The identified anti-anxiolytic effects of preparations derived from Gelsemium sempervirens are believed due to in largest part to the presence of gelsemine in such preparations.[verification needed] Based on a rat study, use of gelsemine has been reported as being potentially effective, where the comparison was to treatment with Diazepam.[primary source]
Gelsemine has been suggested to have potential in offering protective effects against oxidative stress. In a small rat study, the off-target effects of cisplatin—nephrotoxicity arising from its induction of pathways that generate reactive oxygen species, a factor impacting its use in cancer treatment—were examined, and gelsemine was found to significantly attenuate cisplatin-induced damage to DNA, and further general damage due to oxidative mechanisms. Inhibition of xanthine oxidase and lipid peroxidation activities were noted, along with "increased production and/or activity of anti-oxidants, both enzymatic... and non-enzymatic...".[primary source][better source needed]
In a small rabbit study, the impact of gelsemine administration on parameters relating to diet-induced hyperlipidemia was examined, where gelsemine was observed to improve lipid profile parameters associated with hyperlipidemia to a significant extent, as well as to "decreas[e] hyperlipidemia-induced oxidative stress in a dose-dependent manner," as determined by altered activities of a number of relevant metabolite and enzyme activity levels. The results, taken together, led the study authors to conclude that supplements of gelsemine to animals exposed to high fat diets may be of use in reversing the effects and in protecting tissues from oxidative stress resulting from such diets.[primary source][better source needed]
Preparations from the plant from which gelsemine derives, Gelsemium sempervirens, have been used as treatment for a variety of ailments, for instance, through use of Gelsemium tinctures. Applications have included treatment of acne, anxiety, ear pain, migraine, and more generally with diseases associated with an inflammatory response, and in cases of abnormal nervous function (paralysis, “pins and needles” feeling, neuralgia, etc.).[primary source][unreliable source]

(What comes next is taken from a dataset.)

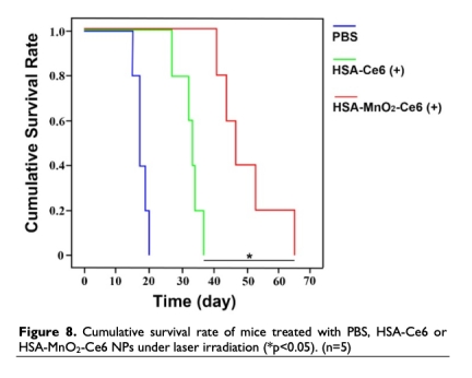 10 來自圖8:生存分析顯示HSA-MnO2-Ce6 NPs加激光照射組小鼠生存期延長(zhǎng)。研究意義是表明NPs治療具有長(zhǎng)期益處,能提高生存率。
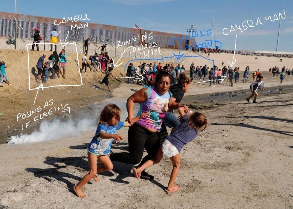 After further review, yesterday's 'horrific' picture of a woman with barefoot children running from the US border wall was a hoax. In the background of the picture a group of men are posing for one camera man and another is running towards another camera man. In other areas, people are just standing around. The woman with the children was just a photo-op

Gelsemine is used indirectly, via use of "yellow jasmine", in the 1927 Agatha Christie novel, The Big Four, where an injection of this natural preparation is used to kill the character Mr Paynter.[page needed] It is then used directly, in 2013, as gelsemine, in series 13 of the ITV series, Agatha Christie's Poirot, as the agent to immobilize the character Stephen Paynter (played by Steven Pacey) before his being burnt to death, thus implicating the character Madame Olivier, a research neuroscientist (played by Patricia Hodge); and also, directly, to paralyze and immobilise Olivier and another character after their kidnappings.
In House of Cards season 5 episode 12, Jane Davis offers Claire Underwood gelsemium as a headache reliever, noting that she should only use two drops. Later on Claire uses the gelsemine to murder Tom Yates, her lover, by putting it into his drink without his knowledge.